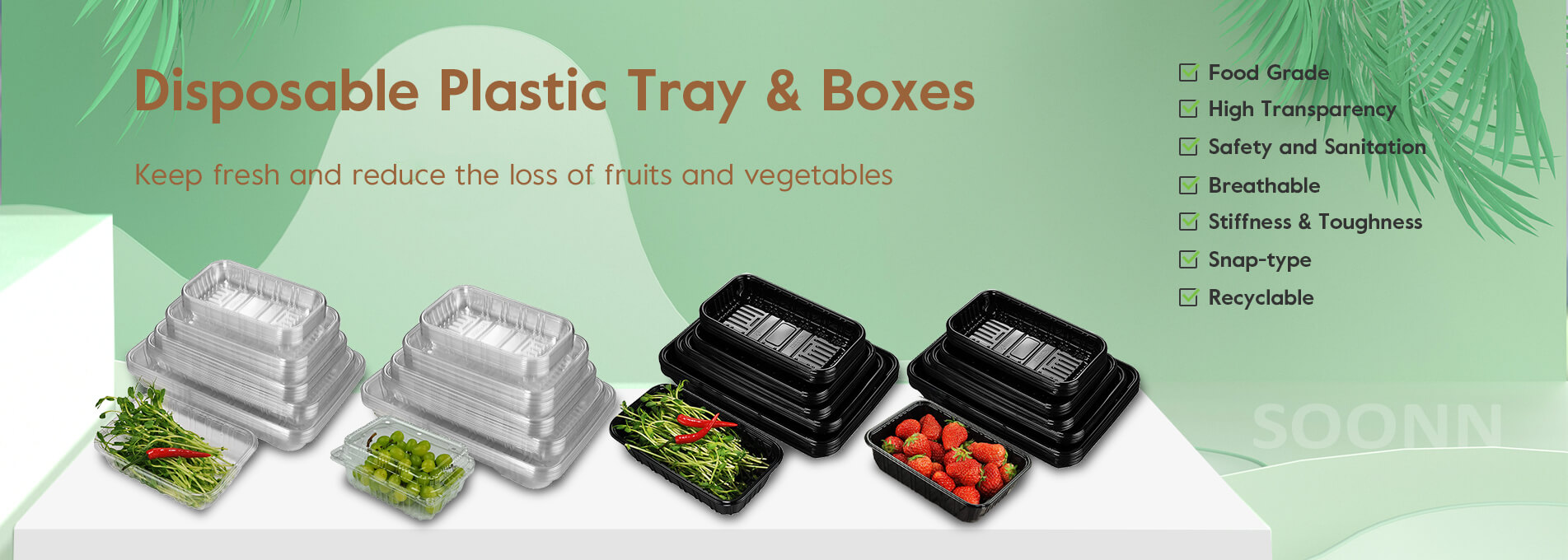 We mainly supply disposable PET fruit and vegetable trays,
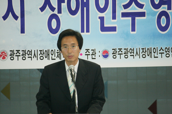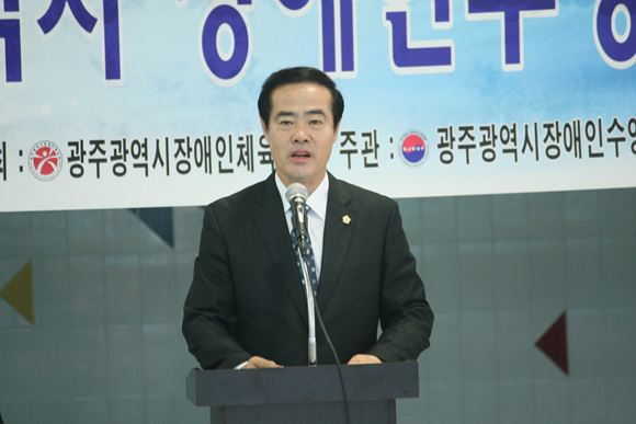 축사에 나선 홍기월 동구의회 의장은 "오월의 밝은 햇살 가득한 일요일 이곳 동구에서 장애인과 비장애인이 어우러져 소통하며 수영대회를 개최한 것에 큰 의미가 있다"며 "광주의 중심인 이곳 동구에서 광주의 정신인 나눔과 화합의 장이 시작된 것을 동구의회 의장으로서 또한 동구민으로서 자부심을 갖는다"고 역설했다.
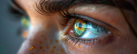 A close up of a womans eye with freckles and green eyes, AI
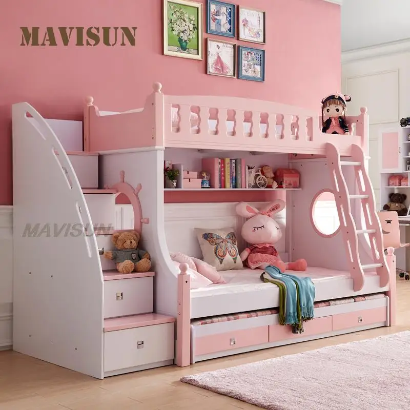 Северная европейская двухъярусная кровать для детей от 5 до 8 лет, современная прекрасная мебель для спальни для девочек, роскошная розовая кровать с замком
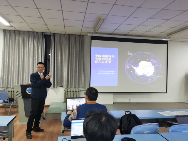 12月23日晚,海洋与大气学院在学院536教室开展主题为“中国南极科学考察的过去、现在与未来”主题讲座,海洋学系主任史久新担任主讲人。
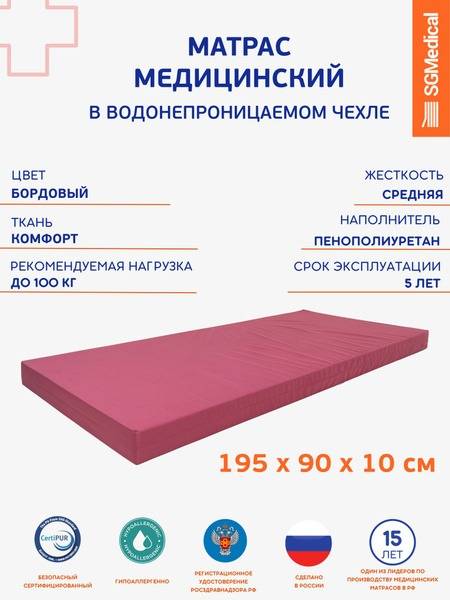 The Comfort medical mattress with a waterproof cover is the perfect solution for caring for bedridden patients at home or in any setting requiring a waterproof mattress. Its non-slip, waterproof cover prevents sheet slippage, ensuring maximum patient comfort. The breathable, hypoallergenic cover is safe and prevents the build-up of moisture. The durable, elastic polyurethane foam filling, unlike inferior materials, retains its shape and prevents sagging over time, supporting up to 130 kg. For optimal longevity (minimum 5 years of continuous use), we recommend flipping the mattress every 3 months. Suitable for medical facilities, the mattress cover is easily cleaned with disinfectants and can be washed and ironed. The filling holds CertiPUR international safety certification, and the mattress is registered as a medical device with a registration certificate from Roszdravnadzor (Russian Federal Service for Surveillance in Healthcare).
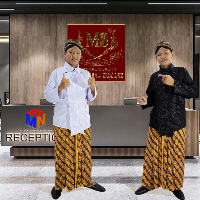 BAJU SURJAN HITAM & PUTIH KLASIK EMBOS [ Busana Adat Khas Jawa ] - Setelan Hitam S
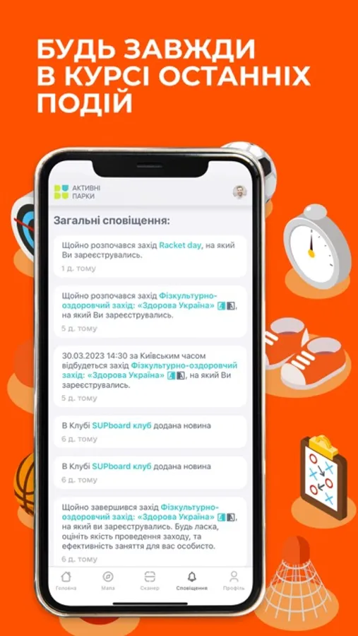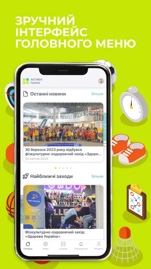 Соціальний проект Президента України і Міністерства молоді та спорту України «АКТИВНІ ПАРКИ - ЛОКАЦІЇ ЗДОРОВОЇ УКРАЇНИ» - розробка навігаційної карти безкоштовних для населення рекреаційних занять в парках та скверах. Основною метою є залучення людей до систематичних тренувальних сесій, спрямованих на розвиток основних рухових якостей - загальна витривалість, сила, спритність, координація, гнучкість, швидкість.
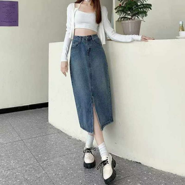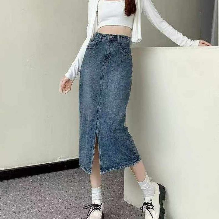 春秋新款洗水棉网红开叉牛仔半身长裙,独立包装带吊牌...
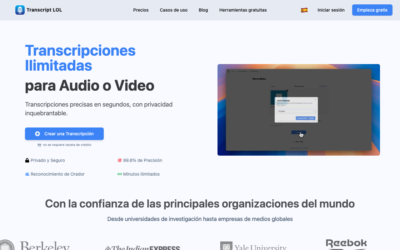 Transcript LOL transcribe audio y video con IA, genera resúmenes automáticos y permite chatear con tu contenido de forma personalizada.
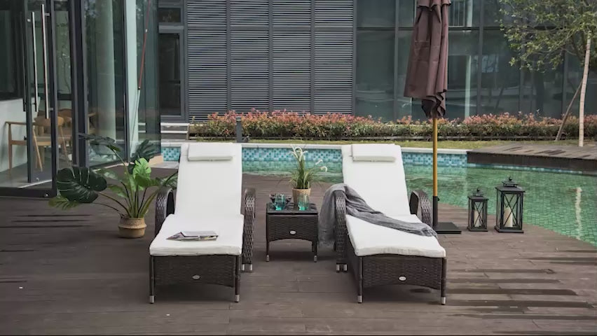 - Complete Set: This rattan sun lounger set includes two garden loungers with wheels and a small glass-top table, perfect for relaxing with a companion.
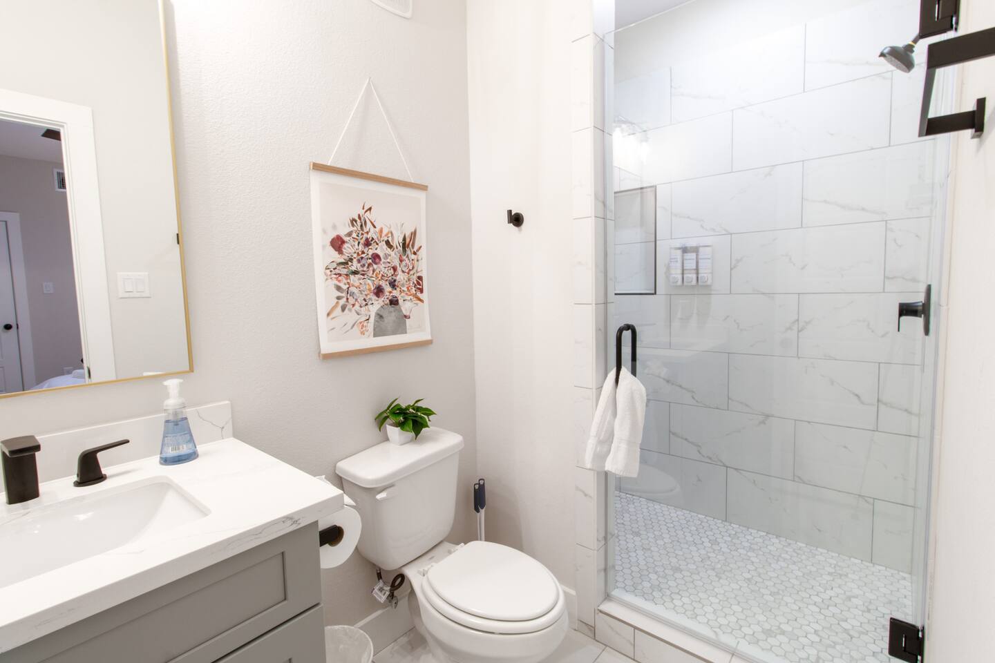 Welcome to our luxurious 8-bedroom retreat, a dual-home property designed for large groups, corporate stays, and special gatherings. With spacious interiors, 4 private suites, 10 bathrooms, and premium amenities, this modern getaway offers comfort, style, and convenience just minutes from Downtown Houston and top attractions. 🛏 Spacious Bedrooms & Private En-Suites ✔ 8 Bedrooms | 10 Bathrooms – Each bedroom has its own private en-suite bathroom for ultimate comfort ✔ Walk-In Closets – Plenty of storage for extended stays ✔ Full-Length Mirrors – Perfect for getting ready in style ✔ 32” Smart TVs – Stream your favorite shows in every bedroom ✔ Charging Stations – Stay powered up 🍽 Fully Equipped Kitchens & Dining ✔ Coffee Bar – Start your day with a fresh brew ✔ Chef’s Kitchen – Stocked with modern appliances, cookware & utensils ✔ Spacious Dining Areas – Large tables for family-style meals & corporate meetings 🛁 Laundry & Cleaning Convenience ✔ Full-Sized Washer & Dryer – Located in a dedicated laundry room for easy use ✔ Iron & Steamer – Stay crisp and fresh for any occasion ✔ Starter Essentials – Laundry detergent, dish soap, and cleaning supplies provided 🔐 Hassle-Free Smart Features ✔ Smart Locks for Self-Check-In – Convenient keyless entry for a seamless arrival ✔ High-Speed Wi-Fi & Multiple Smart TVs – Stay connected & entertained ✔ Dedicated Workspaces – Ideal for remote work and business travelers 🌿 Private Outdoor Oasis ✔ Furnished Patio with Grill – Host outdoor dinners & cookouts ✔ Fire Pit Lounge – Gather around for evening conversations under the stars ✔ Outdoor Games – Enjoy cornhole, pickleball, and more 🏀 Neighborhood Park & Recreation ✔ Community Pool – Cool off and relax just minutes away ✔ Pickleball & Basketball Courts – Enjoy active fun with family & friends ✔ Scenic Walking Trails & Green Space – Perfect for morning strolls or exercise 🚗 Hassle-Free Parking & Prime Location ✔ Free On-Site Parking – Plenty of space for multiple vehicles ✔ Minutes from Houston’s Top Attractions: 10 Min – Minute Maid Park (Astros Games ⚾) 12 Min – Downtown Houston (Dining, Museums & Nightlife) 15 Min – Texas Medical Center 17 Min – NRG Stadium (Texans Games 🏈, Rodeo 🤠, Concerts 🎶) ✨ Perfect For: ✔ Family Reunions & Friends' Getaways ✔ Corporate Retreats & Business Stays ✔ Engagement Celebrations & Wellness Retreats ✔ Seasonal Gatherings & Special Events 📍 Book now and experience Houston’s finest in luxury, comfort, and convenience! 🚀

—————

Using the data above, copy exactly the lines from the one containing "축사에 나선 홍기월 동구의회" to the one containing "12月23日晚,海洋与大气学", inclusive. Exclude the pictures.

§ PROBLEM SOLUTION
 축사에 나선 홍기월 동구의회 의장은 "오월의 밝은 햇살 가득한 일요일 이곳 동구에서 장애인과 비장애인이 어우러져 소통하며 수영대회를 개최한 것에 큰 의미가 있다"며 "광주의 중심인 이곳 동구에서 광주의 정신인 나눔과 화합의 장이 시작된 것을 동구의회 의장으로서 또한 동구민으로서 자부심을 갖는다"고 역설했다.
 A close up of a womans eye with freckles and green eyes, AI
 Северная европейская двухъярусная кровать для детей от 5 до 8 лет, современная прекрасная мебель для спальни для девочек, роскошная розовая кровать с замком
 12月23日晚,海洋与大气学院在学院536教室开展主题为“中国南极科学考察的过去、现在与未来”主题讲座,海洋学系主任史久新担任主讲人。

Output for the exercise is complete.